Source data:
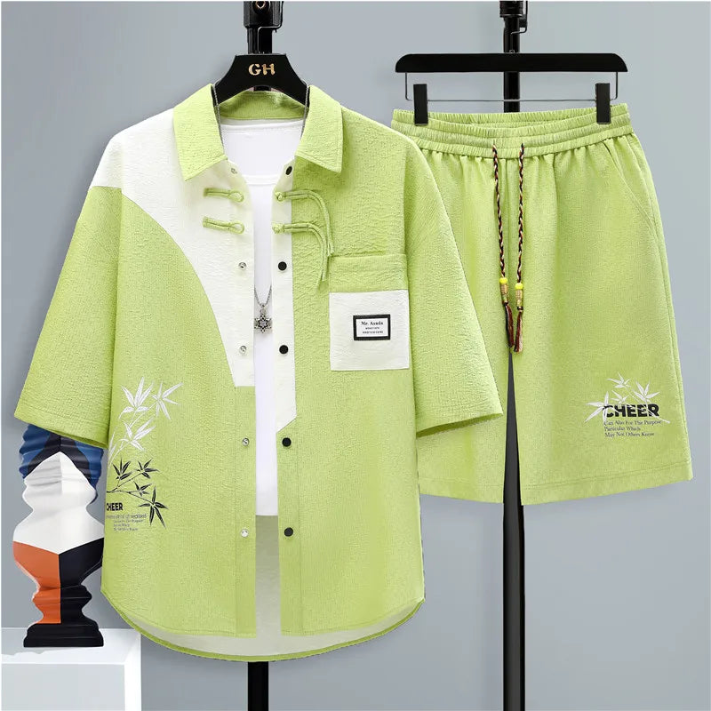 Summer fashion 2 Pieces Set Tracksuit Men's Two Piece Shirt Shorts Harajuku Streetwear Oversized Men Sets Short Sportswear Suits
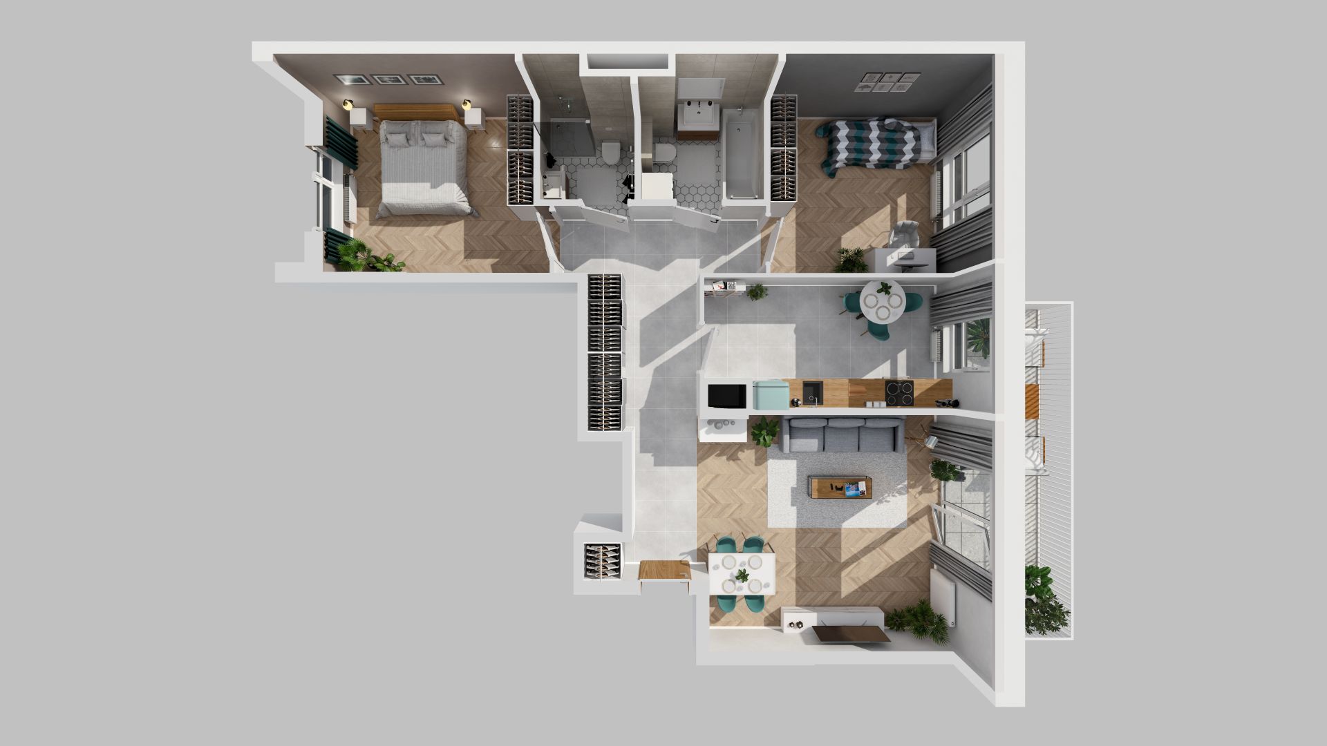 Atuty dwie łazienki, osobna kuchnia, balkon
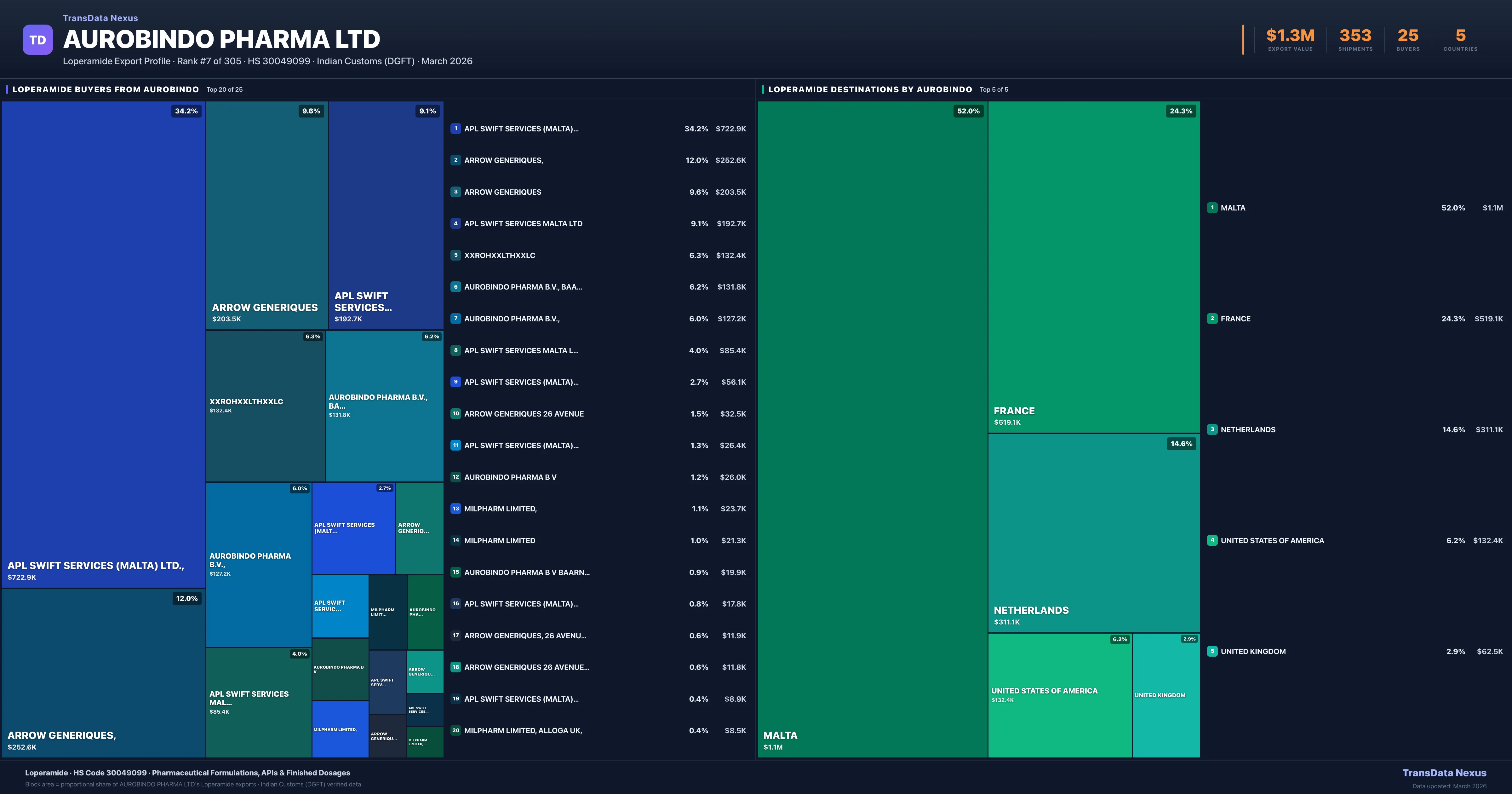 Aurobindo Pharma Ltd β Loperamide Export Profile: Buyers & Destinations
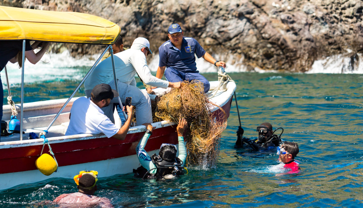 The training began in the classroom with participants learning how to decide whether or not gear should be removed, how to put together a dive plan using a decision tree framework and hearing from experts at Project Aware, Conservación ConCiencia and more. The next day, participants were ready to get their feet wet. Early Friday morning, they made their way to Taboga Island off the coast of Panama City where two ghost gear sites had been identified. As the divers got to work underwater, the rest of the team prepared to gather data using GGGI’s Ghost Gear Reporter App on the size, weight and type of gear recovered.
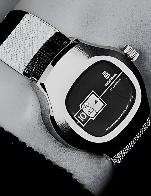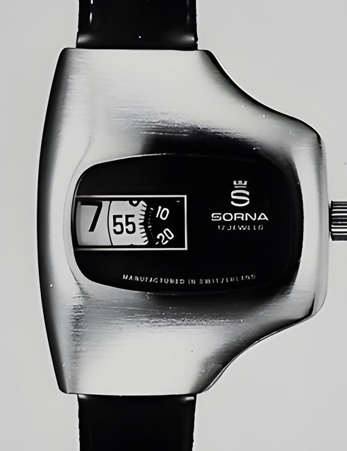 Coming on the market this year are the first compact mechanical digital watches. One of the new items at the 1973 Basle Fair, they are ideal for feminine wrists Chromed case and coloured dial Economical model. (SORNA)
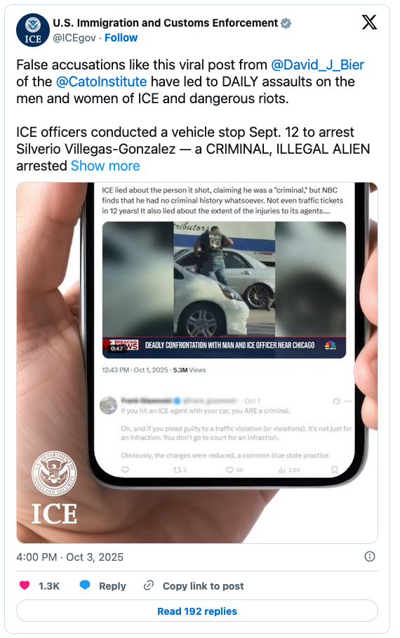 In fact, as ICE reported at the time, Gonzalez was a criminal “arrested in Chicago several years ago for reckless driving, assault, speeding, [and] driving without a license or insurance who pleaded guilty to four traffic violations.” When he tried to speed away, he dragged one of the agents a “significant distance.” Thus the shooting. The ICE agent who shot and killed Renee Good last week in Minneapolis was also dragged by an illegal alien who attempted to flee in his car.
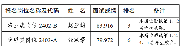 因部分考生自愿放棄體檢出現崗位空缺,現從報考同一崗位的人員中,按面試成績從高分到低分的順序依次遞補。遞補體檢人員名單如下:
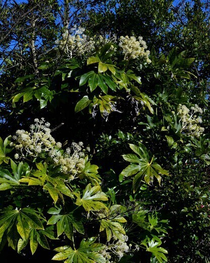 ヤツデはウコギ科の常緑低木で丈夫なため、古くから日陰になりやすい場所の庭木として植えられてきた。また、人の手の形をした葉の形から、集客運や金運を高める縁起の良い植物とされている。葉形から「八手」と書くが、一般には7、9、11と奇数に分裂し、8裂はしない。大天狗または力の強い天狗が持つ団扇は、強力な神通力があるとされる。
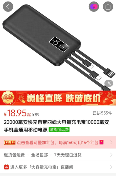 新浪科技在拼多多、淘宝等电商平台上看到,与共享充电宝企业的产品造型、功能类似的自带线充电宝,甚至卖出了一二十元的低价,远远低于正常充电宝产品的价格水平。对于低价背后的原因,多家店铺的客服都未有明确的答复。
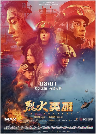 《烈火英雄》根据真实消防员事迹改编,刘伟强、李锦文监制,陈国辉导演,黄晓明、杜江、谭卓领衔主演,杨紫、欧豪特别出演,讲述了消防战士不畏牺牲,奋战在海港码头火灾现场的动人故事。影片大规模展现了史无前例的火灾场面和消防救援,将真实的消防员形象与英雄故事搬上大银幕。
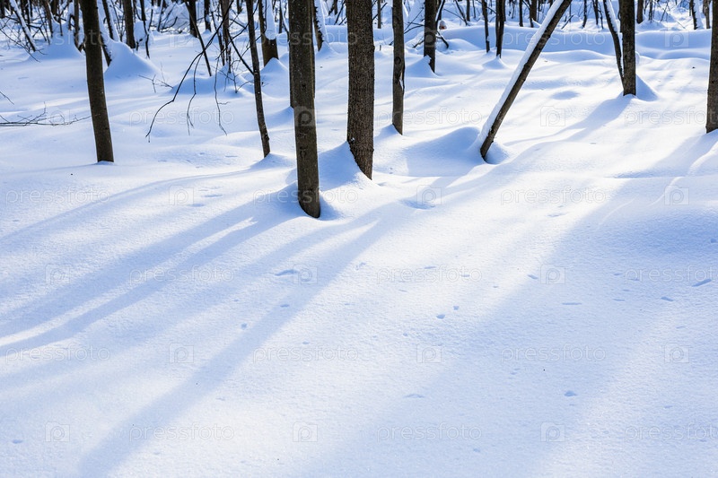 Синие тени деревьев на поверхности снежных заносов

What to produce: Looking above, find the stretch of lines that opens with the one holding "因部分考生自愿放棄體檢出現崗" and closes with the one holding "ヤツデはウコギ科の常緑低木で". Copy it exactly, pictures excluded.

Answer area:
 因部分考生自愿放棄體檢出現崗位空缺,現從報考同一崗位的人員中,按面試成績從高分到低分的順序依次遞補。遞補體檢人員名單如下:
 ヤツデはウコギ科の常緑低木で丈夫なため、古くから日陰になりやすい場所の庭木として植えられてきた。また、人の手の形をした葉の形から、集客運や金運を高める縁起の良い植物とされている。葉形から「八手」と書くが、一般には7、9、11と奇数に分裂し、8裂はしない。大天狗または力の強い天狗が持つ団扇は、強力な神通力があるとされる。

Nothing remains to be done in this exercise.